Given data
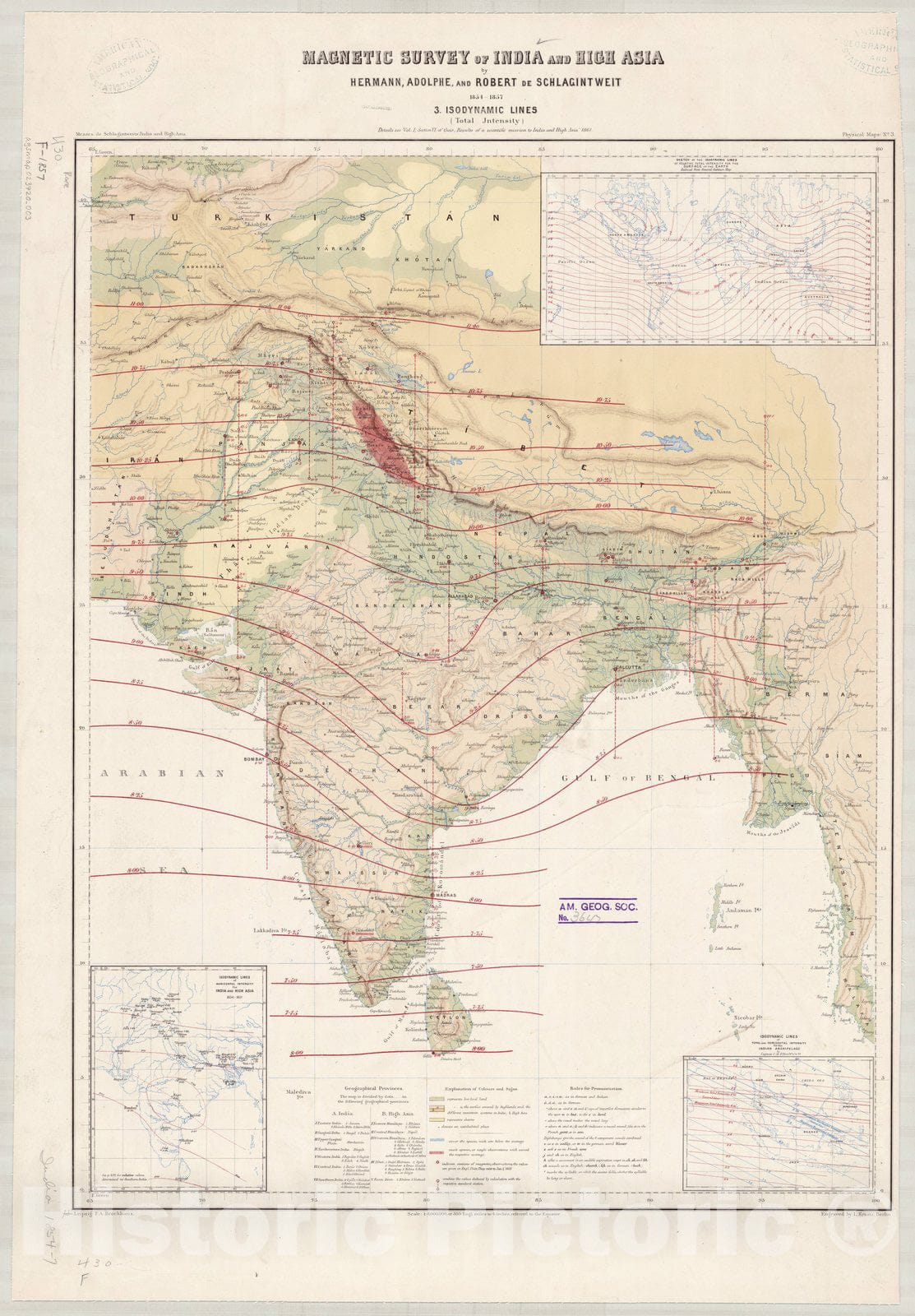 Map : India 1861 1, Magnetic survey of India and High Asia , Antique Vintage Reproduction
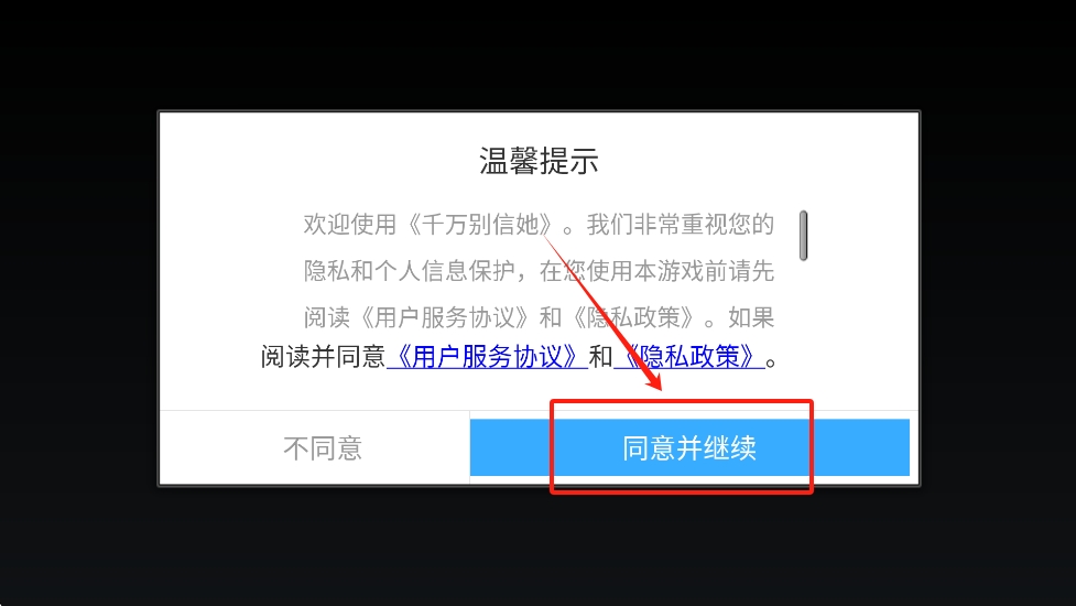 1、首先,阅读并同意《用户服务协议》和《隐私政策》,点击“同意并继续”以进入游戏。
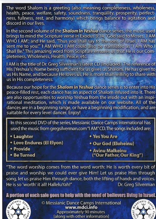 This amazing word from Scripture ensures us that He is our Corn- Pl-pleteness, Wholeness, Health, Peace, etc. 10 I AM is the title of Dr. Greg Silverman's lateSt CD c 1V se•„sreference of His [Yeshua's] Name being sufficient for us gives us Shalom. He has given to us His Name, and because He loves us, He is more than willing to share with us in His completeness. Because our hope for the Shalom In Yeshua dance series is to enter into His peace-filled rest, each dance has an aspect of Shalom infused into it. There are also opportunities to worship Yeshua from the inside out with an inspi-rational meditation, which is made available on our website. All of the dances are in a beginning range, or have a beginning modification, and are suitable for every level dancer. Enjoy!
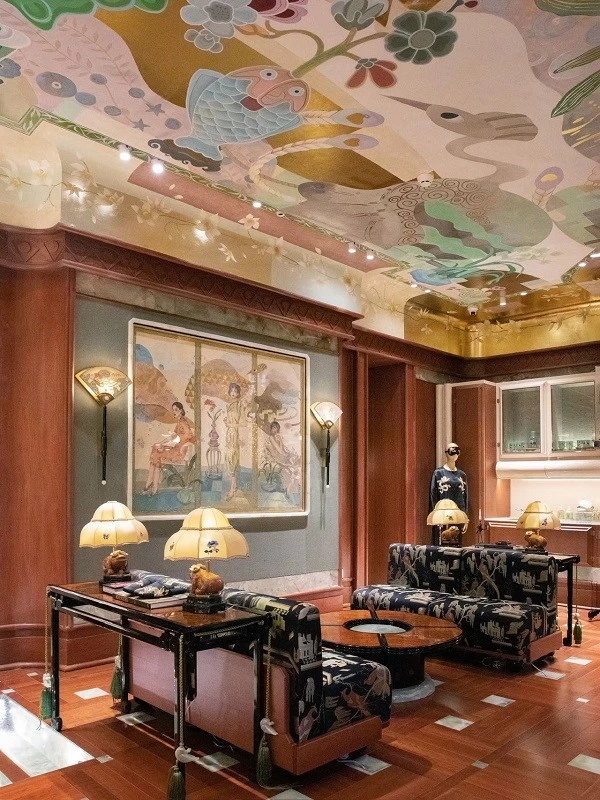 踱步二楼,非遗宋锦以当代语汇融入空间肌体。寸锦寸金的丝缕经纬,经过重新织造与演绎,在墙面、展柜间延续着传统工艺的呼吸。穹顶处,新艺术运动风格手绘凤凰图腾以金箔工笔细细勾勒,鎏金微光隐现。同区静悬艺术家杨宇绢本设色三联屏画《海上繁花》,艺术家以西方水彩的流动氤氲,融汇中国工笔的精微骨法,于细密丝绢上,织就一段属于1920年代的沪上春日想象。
--
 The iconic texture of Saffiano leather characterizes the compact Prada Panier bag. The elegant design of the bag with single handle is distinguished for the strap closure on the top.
* * *
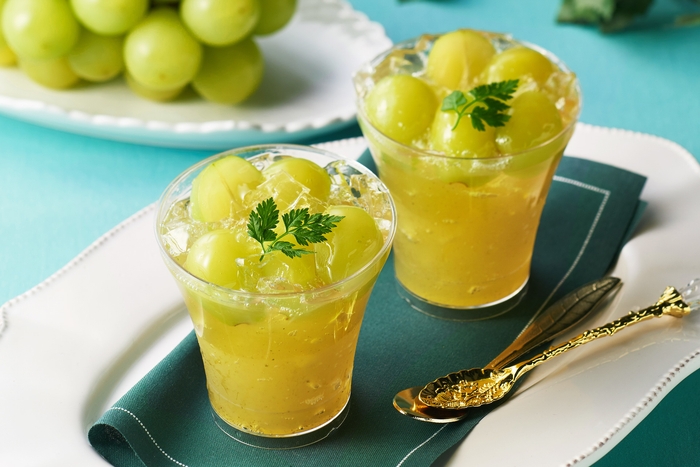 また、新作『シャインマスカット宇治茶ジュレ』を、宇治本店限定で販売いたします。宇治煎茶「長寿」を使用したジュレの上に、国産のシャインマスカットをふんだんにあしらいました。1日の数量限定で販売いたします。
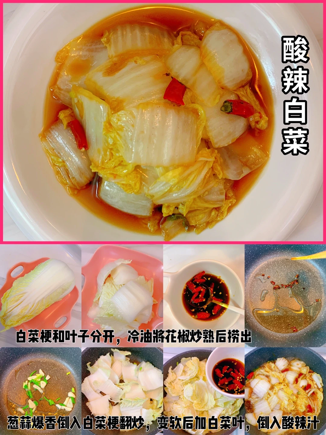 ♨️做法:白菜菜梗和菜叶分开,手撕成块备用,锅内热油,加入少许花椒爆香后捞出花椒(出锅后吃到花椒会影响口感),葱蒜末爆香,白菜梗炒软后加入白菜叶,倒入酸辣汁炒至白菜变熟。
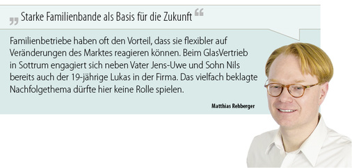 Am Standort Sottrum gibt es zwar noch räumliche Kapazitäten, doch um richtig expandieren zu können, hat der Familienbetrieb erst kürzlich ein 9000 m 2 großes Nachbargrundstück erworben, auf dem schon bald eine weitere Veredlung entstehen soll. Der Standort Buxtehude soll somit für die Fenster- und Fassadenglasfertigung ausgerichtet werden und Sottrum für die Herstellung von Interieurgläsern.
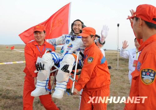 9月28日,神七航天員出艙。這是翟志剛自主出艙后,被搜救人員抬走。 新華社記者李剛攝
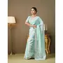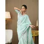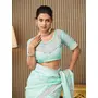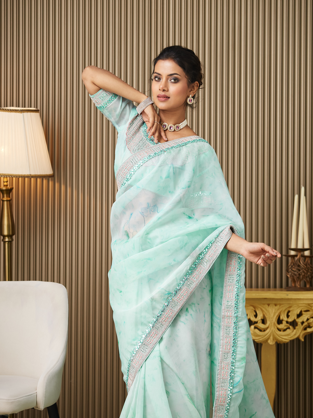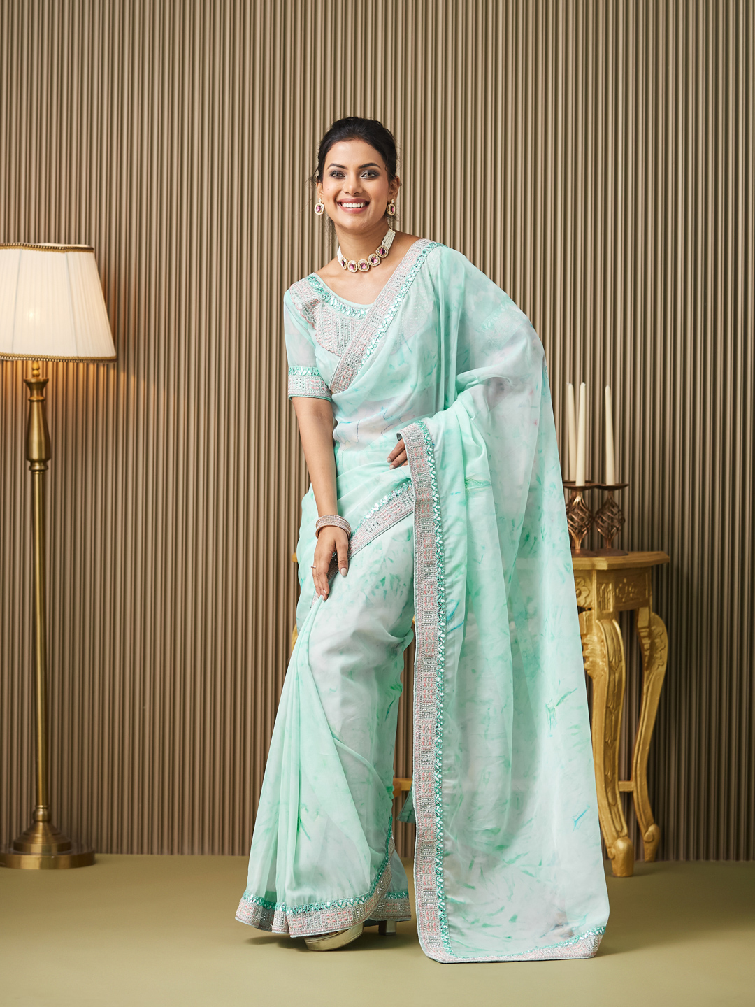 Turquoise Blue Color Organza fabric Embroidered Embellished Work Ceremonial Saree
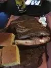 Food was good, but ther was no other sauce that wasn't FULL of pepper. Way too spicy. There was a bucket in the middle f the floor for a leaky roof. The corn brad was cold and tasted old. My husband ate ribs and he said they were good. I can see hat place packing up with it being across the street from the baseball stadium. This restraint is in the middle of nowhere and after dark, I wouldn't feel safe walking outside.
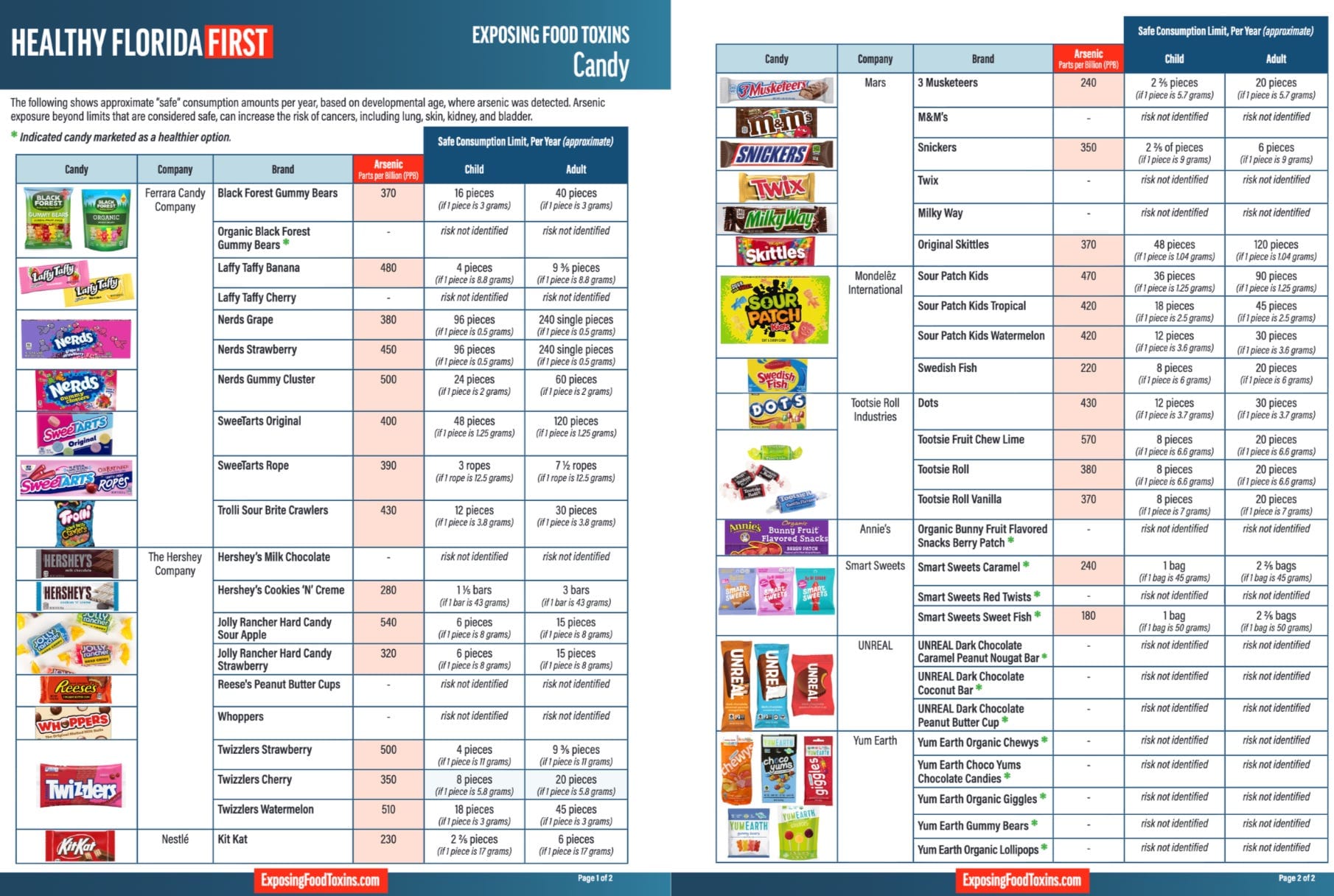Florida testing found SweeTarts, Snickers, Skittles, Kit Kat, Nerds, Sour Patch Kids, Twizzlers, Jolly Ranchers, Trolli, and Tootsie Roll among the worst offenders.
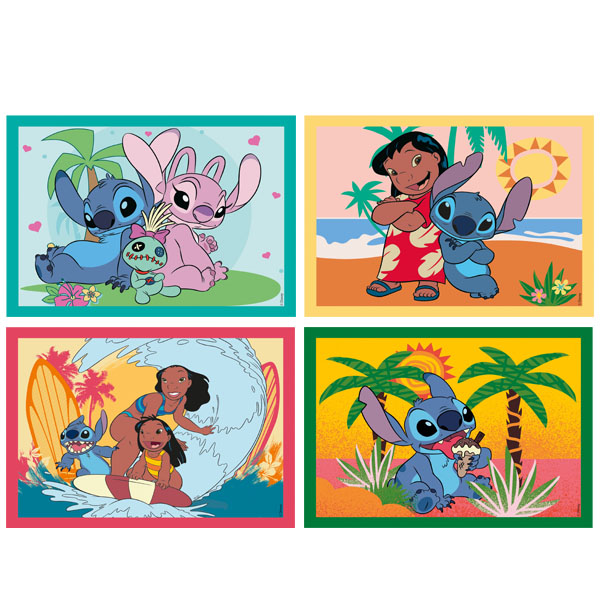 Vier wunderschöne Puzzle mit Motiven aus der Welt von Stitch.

Brief
A clean copy is needed of the lines above from the one with "Map : India" up to and including the one with "1、首先,阅读并同意《用户服". Please set it down exactly, with no pictures.

Answer for the task
 Map : India 1861 1, Magnetic survey of India and High Asia , Antique Vintage Reproduction
 1、首先,阅读并同意《用户服务协议》和《隐私政策》,点击“同意并继续”以进入游戏。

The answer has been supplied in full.